1) Opt-in and preferences
If you send emails once or twice a week, you should be good. But if you send them more often, and tailoring newsletters to audience segments, it’s good to have a preference centre.
Your preference centre should list all your available email campaigns for the segment (e.g. Promotions and offers, Weekly newsletter, Tips & Tricks, etc.), and show the subscribers which campaigns they’re subscribed to.
If they want to unsubscribe, they can do it through your preference centre.
In return, you’ll get less bounces and spam flags.
2) Welcome emails
These days, if we don’t get a welcome email, we think the service we just subscribed to hates us.
It’s also a great way to warm up your subscribers and convert them into customers from the get-go. After all, welcome emails generate 320% more revenue than other promotional emails.
We’re not saying to send cupcakes through email, too, but heck, welcome emails matter.
3) High volume is not always the right volume
Like we already said, there are 105 billion emails sent every day. Your subscribers can, and will get oversaturated if you send them emails five times a day.
The content is key so when you’re deciding on your frequency, make available content the deciding factor. If you can send quality emails three times a week, go for it, and test how your subscribers react.
If you see your open and click-through rate going down, it’s time to stop, drop, and reassess.
4) Spruce up your mailing lists
Depending on your marketing activities, you may have acquired subscribers who clicked ‘count me in’ just because they thought they were going to win something.
You may also have subscribers who decided they wouldn’t buy fur coats from your super exclusive store anymore because they’ve turned vegan after a trip to Thailand. Who knows?

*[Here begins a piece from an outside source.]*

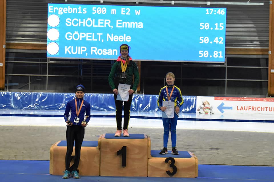 Rafael Weber gewann zwei Bronzemedaillen in der AK D über 500m und 1000m. Bei den C Mädchen gab es sogar 2 Sportler auf dem Treppchen: Larissa Flade mit Gold über 500m und Bronze über 1000m sowie Nora Kästner mit Bronze und Silber über beide Strecken.

But these aren’t the quality subscribers you should be focusing on when it comes to email deliverability. They often don’t open your emails, or they flag them as spam.
So it’s best to go through your mailing list once in a while, and remove everyone who no longer seems interested.
That’s what keeps the ISPs interested, and your emails delivered.
Your Email Life-hack: Email Verification
Ignore ROI for a second - it’s no secret that email addresses cost money to store, particularly on the most popular ESP vendors. Bounced emails alone can move you up an entire spend quartile to a higher paid plan. The last thing you want to do is waste money on emails that aren’t even valid.
Email verification is your secret weapon for pruning your list of bad actors. There’s a lot you can do to ensure the emails you’re getting are legit, but the best bang for your buck, by far, is to invest in an automated system that does it for you.
mailfloss does it for you automagically, for as low as $17/month.
The Mystical Email Deliverability
Ultimately, email deliverability isn’t all that mystical. It’s the unsexy chore & maintenance exercise you need to work on to keep your revenue engine choo-choo-ing, but once you’ve got the fundamentals down, it becomes pretty routine.
Great email deliverability is ultimately the simple byproduct of writing good emails, and sending it to solid lists of people who actually want them.
Ever watch the show ‘Kitchen Nightmares’? Where Gordon Ramsey goes and fixes restaurants? He always focuses on the simple things - clean kitchens, simple menus, organized furniture. The marketing equivalent of that is email deliverability - get your house in order.
Once you put a few of the foundations in place, and actually worry about writing good emails, your deliverability will become industry leading and it’ll reflect in your ROI. Ultimately, the single best rule of thumb for email deliverability is the same advice your grandma would give you (if she happened to be an email marketing wiz): send emails people give a damn about.